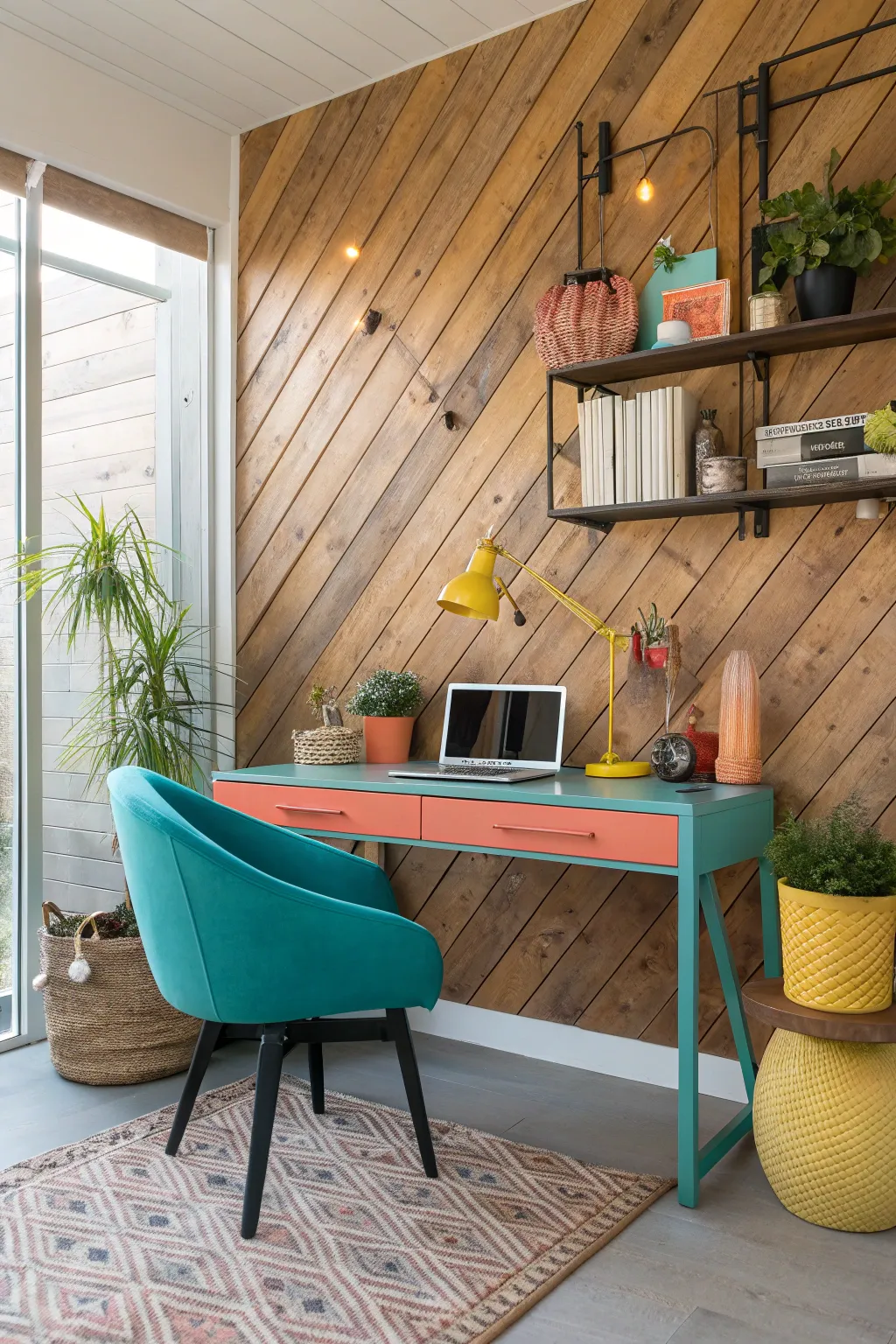Create a multi-colored hardwood wall for a vibrant and eclectic look. This approach adds character and is sure to spark conversation.
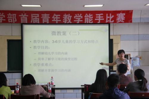 此次比赛由参赛老师现场抽取讲课主题,运用事先准备的课件进行十分钟的微课堂授课。比赛过程中,青年教师们结合自己执教的课程,采用讲授、案例、示范等方法,广泛运用图片、视频、音频等多种媒体,将自己专业研究与教学内容融为一体,开展了生动精彩的教学。老师们教学内容充实,条理清晰,逻辑严明,课堂节奏鲜明,在简短的微课中展示了学部青年教师的风采。
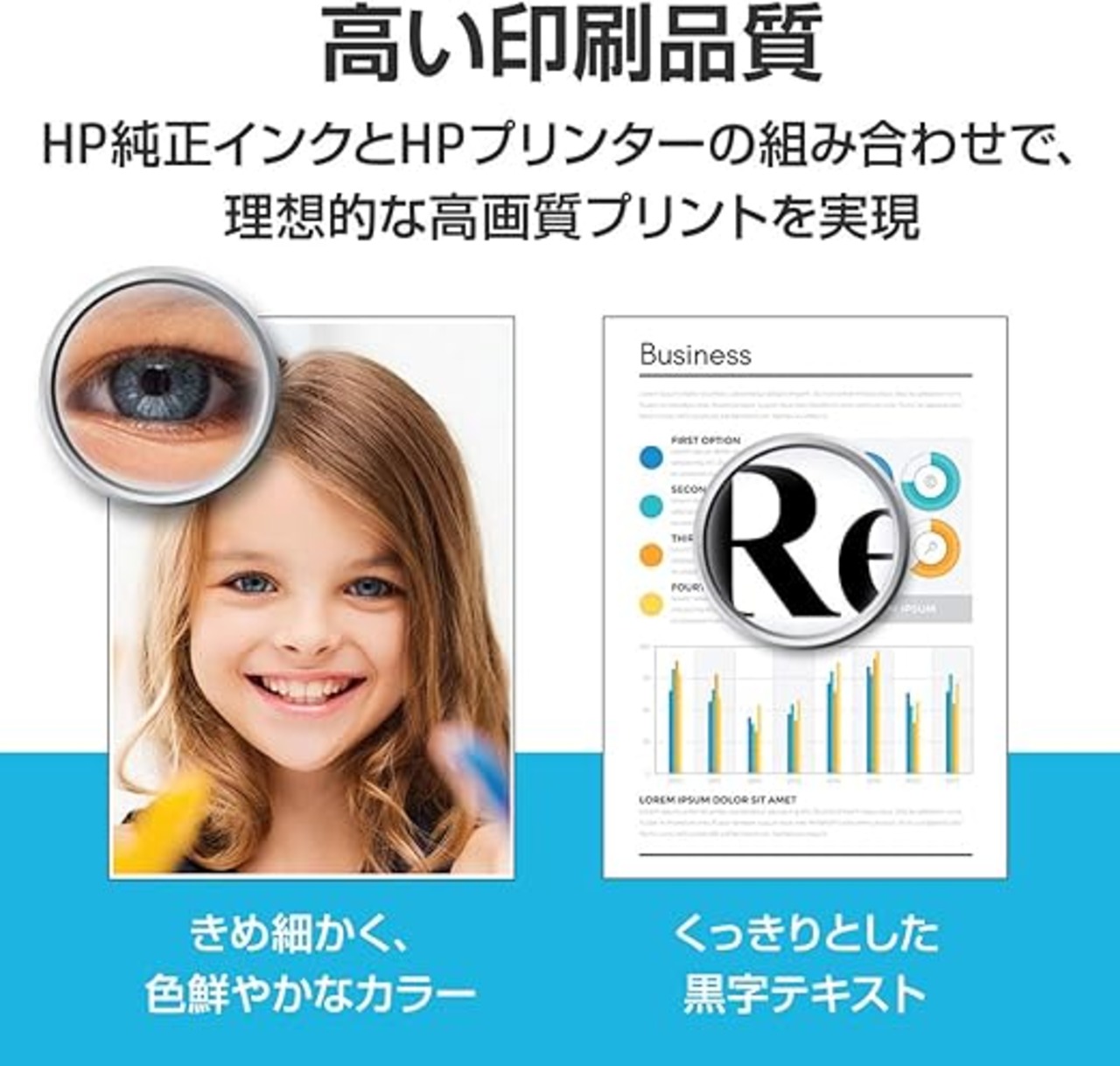 「HP純正カートリッジ」×「HPプリンター」の組み合わせで、印刷画質や発色・保存性において理想的な高画質プリントを実現します。
============================================================
_DIRECTIONS FOR THIS TASK_. Reproduce the listing exactly, but omit every picture in it.

_SOLVED EXERCISE_.
Create a multi-colored hardwood wall for a vibrant and eclectic look. This approach adds character and is sure to spark conversation.
 此次比赛由参赛老师现场抽取讲课主题,运用事先准备的课件进行十分钟的微课堂授课。比赛过程中,青年教师们结合自己执教的课程,采用讲授、案例、示范等方法,广泛运用图片、视频、音频等多种媒体,将自己专业研究与教学内容融为一体,开展了生动精彩的教学。老师们教学内容充实,条理清晰,逻辑严明,课堂节奏鲜明,在简短的微课中展示了学部青年教师的风采。
 「HP純正カートリッジ」×「HPプリンター」の組み合わせで、印刷画質や発色・保存性において理想的な高画質プリントを実現します。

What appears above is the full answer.